# when do I band my baby pigeons?



## pigeon kid (May 19, 2007)

I own 5 pigeons. i know that where are going to have some babies,and i dont know when to band them, can anyone help!


----------



## Pidgey (May 20, 2005)

To some extent it depends on the babies but usually between 5 and 10 days. You can put them on earlier and then they'll slip off and you may or may not find them in the bottom of the loft. Parents will often carry them to the far end of the loft to drop them. When you start trying to band, you'll figure it out--you can try putting the band on every day and seeing how easily it pulls back off. There are tricks if you've let it go just a tad too long but it's far better if you don't.

Pidgey


----------



## Eriduardo (Aug 28, 2006)

It also depends on the breed some young tend to be too small and some too big at the same age, therefore some have to get banded sooner and some later. Homers get banded at 7 days of age usually.


----------



## Becca199212 (May 10, 2007)

Were do you buy bands from?


----------



## velo99 (Apr 8, 2007)

Becca199212 said:


> Were do you buy bands from?


Foy`s,Jedd`s, NPA, IPBA. Just to name a few.


----------



## Skyeking (Jan 17, 2003)

Becca199212 said:


> Were do you buy bands from?


You need to start trying to band them between the 5th and 7th day, depends on breed too. My homers are usually banded on the 5th day, and my Helmets by the 7th day-and that was almost too late.



http://jedds.com/

http://www.siegelpigeons.com/

http://www.globalpigeon.com/

http://www.foyspigeonsupplies.com/catalog/index.html


----------



## flitsnowzoom (Mar 20, 2007)

Becca, You may want to get your bands from the UK. There are a few members (John D, cyro51 among others) that are from the UK and may know a more "local" source. You can always pm or email them.


----------



## pigeon kid (May 19, 2007)

thank you guys, another question is when can i fly those baby pigeons?


----------



## Eriduardo (Aug 28, 2006)

You should start training them to trap around 35 days or right after weaning and once they are confident eanough they'll start flying around by themselves and entering the loft. After that start encouraging them by releasing them a little further from the loft.


----------



## pigeon kid (May 19, 2007)

"WEANING" what does that mean.


----------



## mr squeaks (Apr 14, 2005)

pigeon kid said:


> "WEANING" what does that mean.


The pijies are on their own and no longer rely on their parents for food. They eat and drink on their own and ready to make their own way in the world.

 

Shi


----------



## pigeon kid (May 19, 2007)

ok now i get it.


----------



## velo99 (Apr 8, 2007)

Eriduardo said:


> You should start training them to trap around 35 days or right after weaning and once they are confident eanough they'll start flying around by themselves and entering the loft. After that start encouraging them by releasing them a little further from the loft.

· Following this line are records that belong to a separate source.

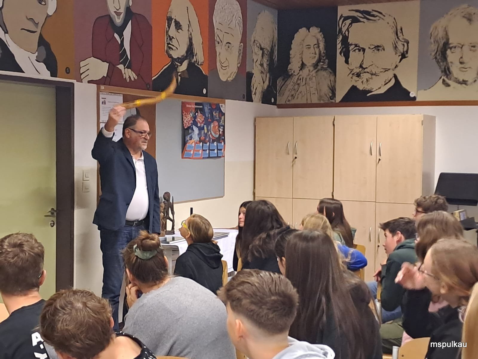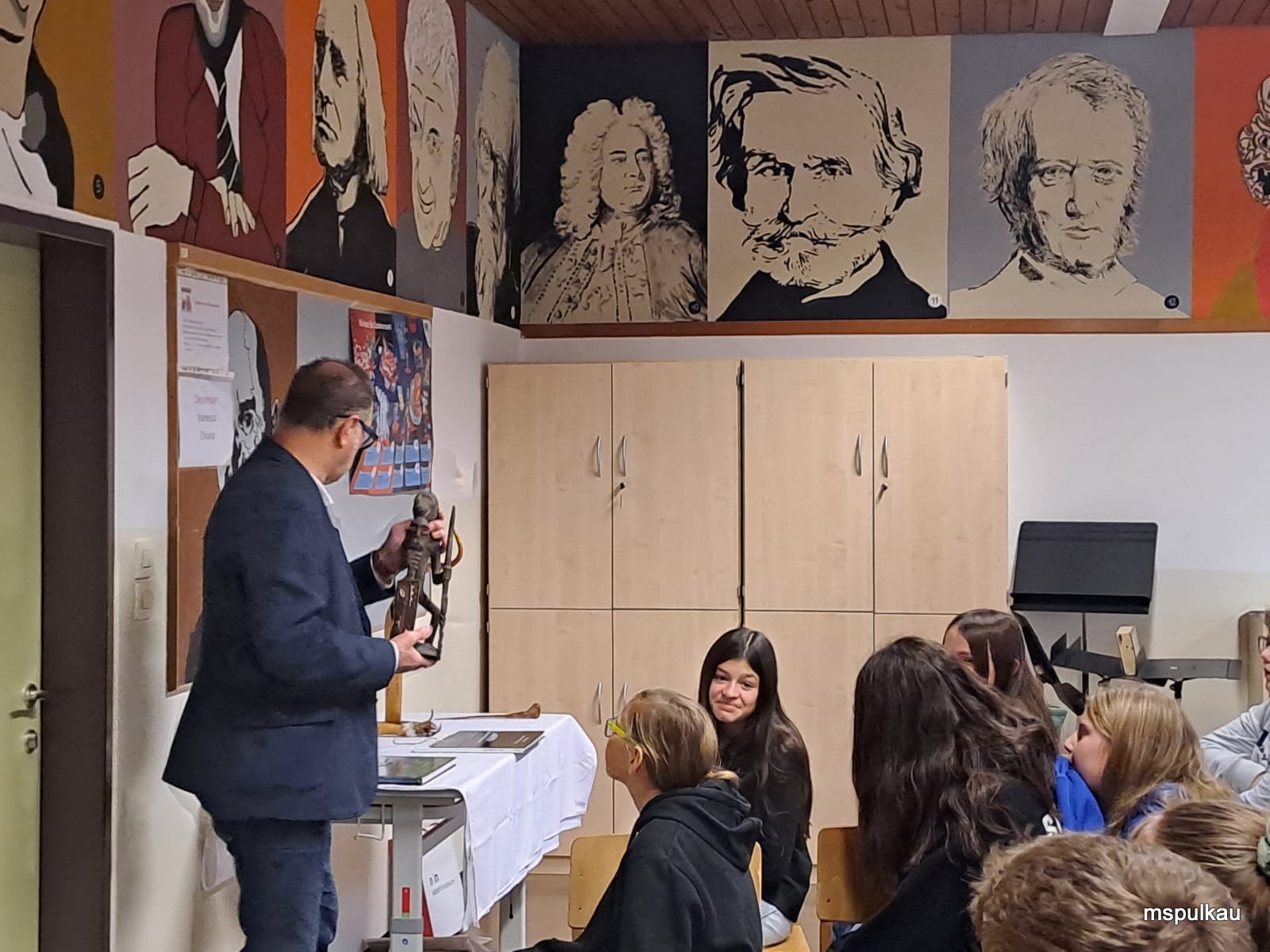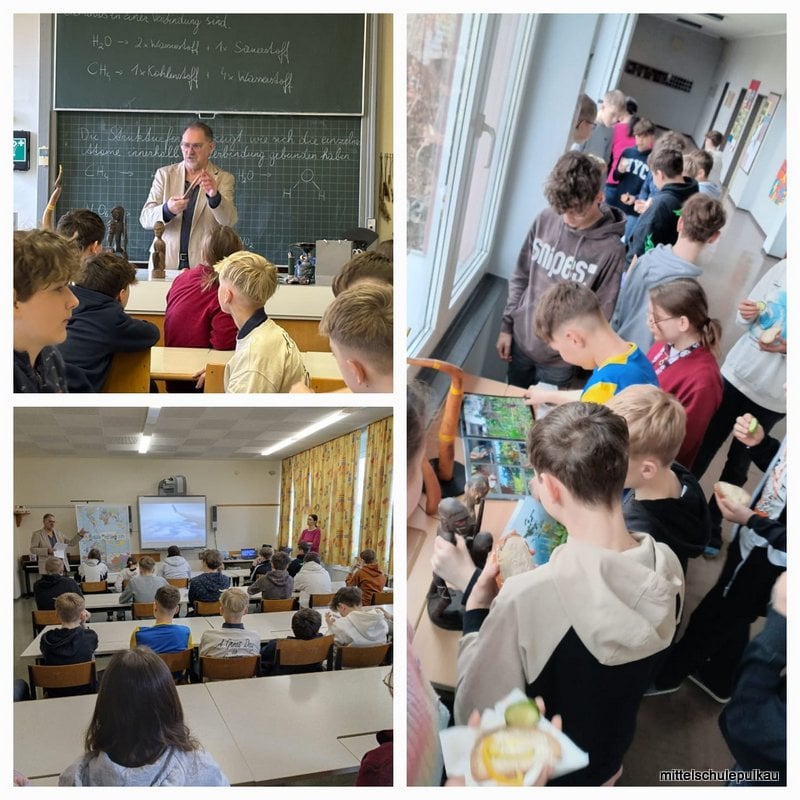 Ein weiterer Lesegast ist unser ehemaliger Kollege Kurt Schneider. Er hat immer Interessantes von seinen Reisen zu berichten und zeigt dazu immer wieder Fotos. Diesmal aus Indonesien, Sulawesi und Westpapua. Die Schüler und Schülerinnen der 3a und 3b hörten aufmerksam zu und hatte im Anschluss noch die Gelegenheit unterschiedliche Objekte aus diesen Ländern zu begutachten.
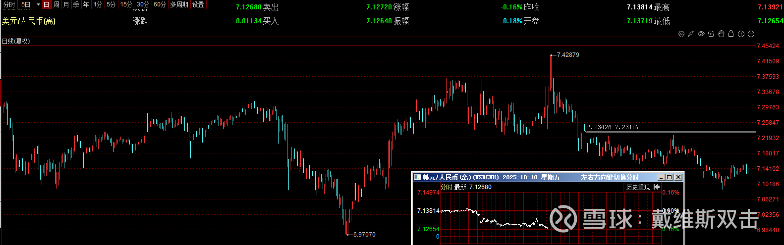 【人民币兑美元中间价报7.1048,上调54.00点】在岸人民币兑美元收盘报7.1232,较上一交易日上涨14点。
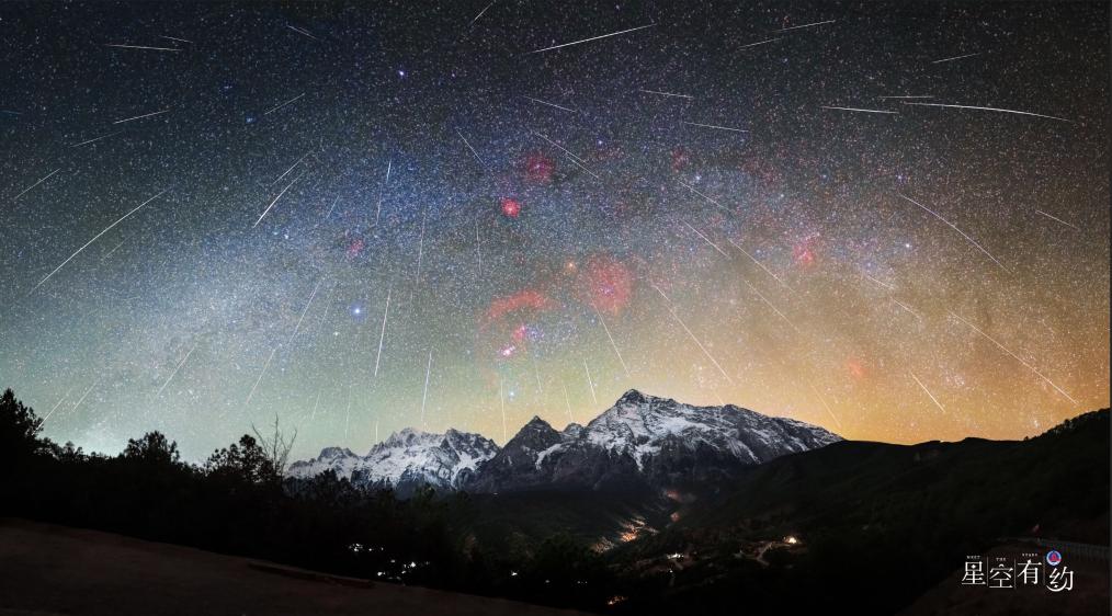 2023年12月14日在云南省麗江市玉龍雪山拍攝的雙子座流星雨(多張疊加)。(霍春雷攝)
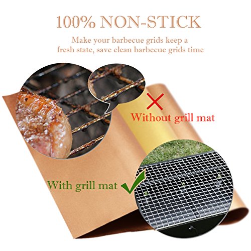 KEEP FLAVORS!- Use our grilling mats to prevent baked oil from dropping into the oven, making the barbecue food zoom and dry, keeping the food\'s nutrition and flavor, everyone could be a super grill-master with these barbecue mats
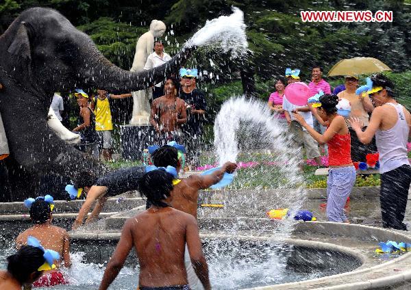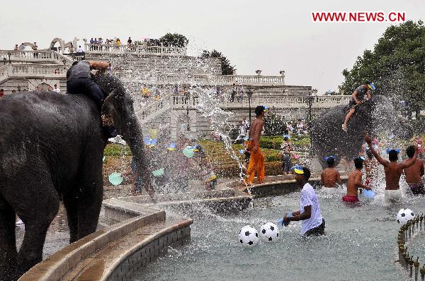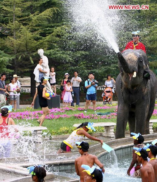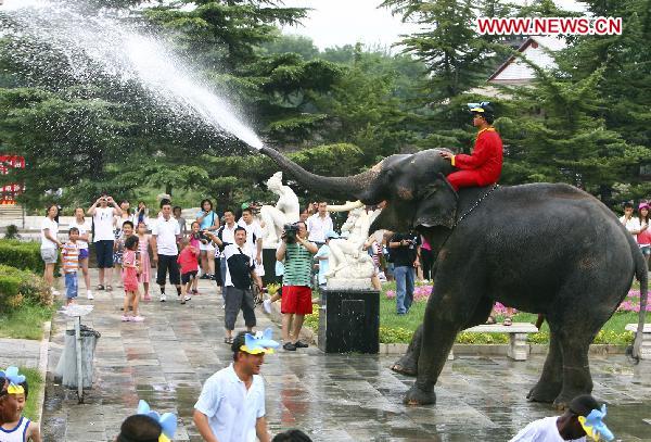 An elephant enjoys water splashing with tourists and staff members at the World Park in Beijing, capital of China, July 7, 2010. (Xinhua/Ru Tao)
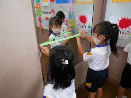 「どっちが長いかな?」「こんなに長いよ!」と声をかけ合いながら、ペアで協力して活動していました。楽しく活動し、あっという間に時間が過ぎました。
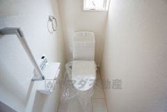 同仕様写真。温水洗浄機付トイレです。節水機能もあるので、安心して使えますね。もちろん、1階2階の2ヶ所にトイレがあるので、忙しい朝にもゆとりができますね。

Personally I start a lot earlier than 35 days. Usually at 35 days thay can fly far enough to get away and become a real pain. 
Around 21 days you should put them on the floor. The parents will feed them there. By this time the parents will be looking for a place to lay again. Same day you put them on the floor,take them out for a look around every day for a few hours when you get home from the days activity. I set mine on the floor of the kitbox while the big boys are flying. They get a glimpse of life to come. Set them on the landing board so they can look around and experiment with the trap. By the end of the week they should be ready to go to thier permanent home. 
When I move them permanantly I always put them in thru the trap. After you train a bunch of babies you`ll get your own system. This is a fun time trying to balance between keeping them hungry enough to train and fed enough to grow.

Good luck amigo


----------



## PigeonQueen (Aug 13, 2006)

Hi Becca, 
You can buy bands by mail order from this shop. They will also advise you of a place nearer to where you are
if you explain your exact location.

The address is: The Racing Pigeon Shop, 12 Blake Grove,
Chapel Allerton, Leeds 7, LS73LT

phone number 0113 262 3349

The yare open Tuesdays, wednesdays, thursdays, fridays 11.am-4.30pm

They are closed Saturday, sunday and Monday
Best Wishes Jayne


----------



## pigeon kid (May 19, 2007)

velo99 said:


> Personally I start a lot earlier than 35 days. Usually at 35 days thay can fly far enough to get away and become a real pain.
> Around 21 days you should put them on the floor. The parents will feed them there. By this time the parents will be looking for a place to lay again. Same day you put them on the floor,take them out for a look around every day for a few hours when you get home from the days activity. I set mine on the floor of the kitbox while the big boys are flying. They get a glimpse of life to come. Set them on the landing board so they can look around and experiment with the trap. By the end of the week they should be ready to go to thier permanent home.
> When I move them permanantly I always put them in thru the trap. After you train a bunch of babies you`ll get your own system. This is a fun time trying to balance between keeping them hungry enough to train and fed enough to grow.
> 
> Good luck amigo


thanks for the help, but mine is a drop trap where they just drop into the coop. do i just put the baby throu it? 

pk


----------



## velo99 (Apr 8, 2007)

pk
You want to wait long enough to where they can fly enough not to hurt themselves when hit the floor.


----------